Beyond debridement, clinicians use a systematic framework to address every factor that could be stalling healing. This includes managing infection and inflammation, maintaining the right moisture balance in the wound (too wet causes skin breakdown, too dry prevents cell migration), and assessing whether the wound edges are actively advancing. Newer approaches also factor in the body’s capacity for tissue regeneration and the social circumstances of the patient, such as nutrition, mobility, mental health, and access to care, all of which directly affect whether a wound heals.
For venous ulcers specifically, compression therapy is foundational. It counteracts the backward blood flow and pooling that caused the ulcer in the first place. For pressure ulcers, regular repositioning and specialized support surfaces to redistribute pressure are essential. For diabetic wounds, blood sugar control and offloading pressure from the affected foot (through specialized footwear or casts) are non-negotiable parts of treatment.

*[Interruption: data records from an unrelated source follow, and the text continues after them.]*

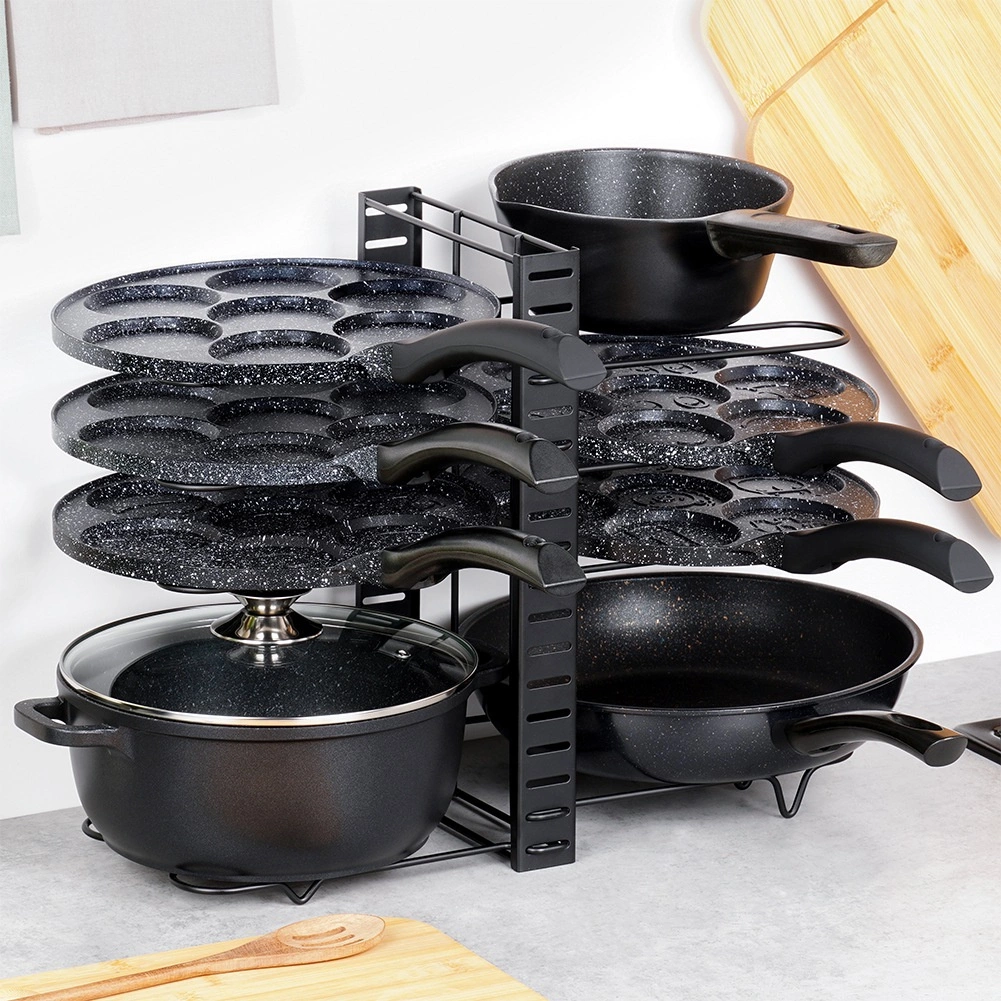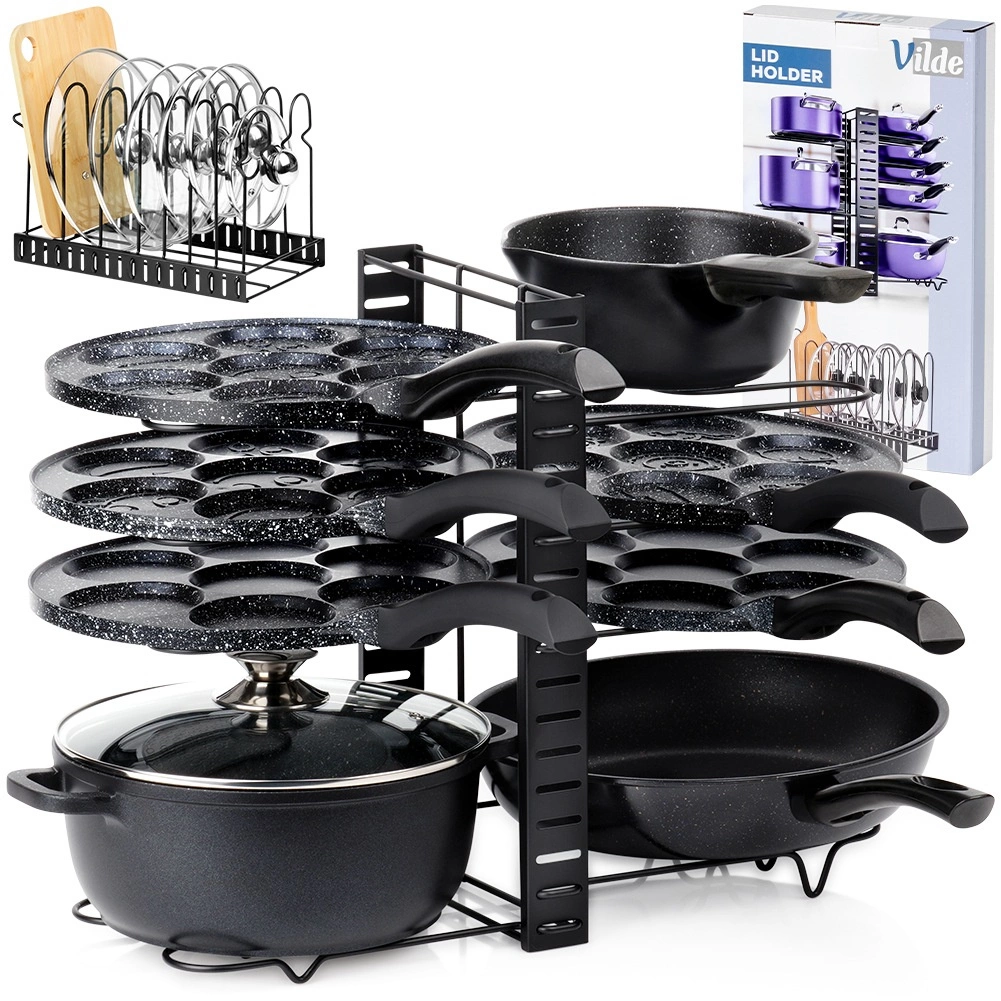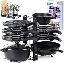 - Organizator de bucătărie 2‑în‑1 pentru oale, tigăi, capace, farfurii și tocătoare
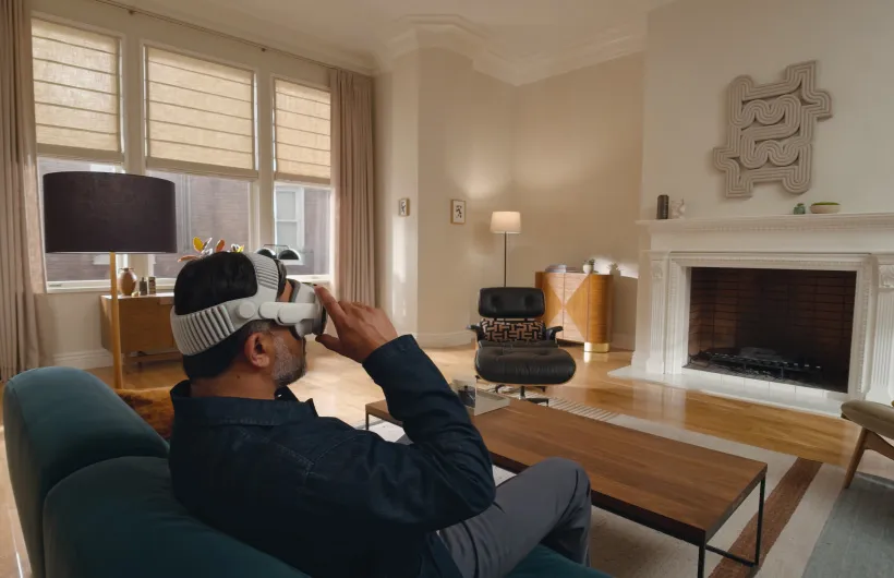 Transform any room into your own personal theater — with more pixels than a 4K TV for each eye. Experience mind‑blowing immersion with Spatial Audio and expand movies, shows, and games on a giant screen. Whether you’re on the couch or a long flight, enjoy stunning content anywhere.
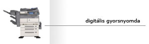 Digitális lézernyomtatónkon 80-250 gr-os papírok fekete-fehér és színes nyomtatására, ill. fénymásolására van mód SR A3-as méretig. Lehetőség van az elkészült nyomtatások laminálására, tűzésére, spirálozására (fém és műanyag), szükség esetén könyvkötésére. Minőségi gépparkunk garantálja az egyenletes minőségű, és színhelyes nyomtatást az elsőtől az utolsó példányig...

What Living With a Chronic Wound Looks Like
Chronic wounds are not just a medical problem. They often cause persistent pain, limit mobility, and force significant lifestyle adjustments. Frequent dressing changes, clinic visits, and the need to keep wounds clean and protected can dominate daily routines. Many people experience sleep disruption from pain or discomfort, and the visible nature of some wounds, along with odor concerns, can lead to social withdrawal. The financial burden is real too: even with insurance, out-of-pocket costs for supplies, transportation to appointments, and time away from work add up quickly.
Healing timelines vary enormously depending on wound type, size, location, and underlying health conditions. A wound under 2 square centimeters that is less than two months old and relatively shallow has a much better healing prognosis than a larger, deeper, or older wound. Patience is part of the process, but a wound that shows no improvement over several weeks of consistent care typically needs a reassessment of the treatment approach.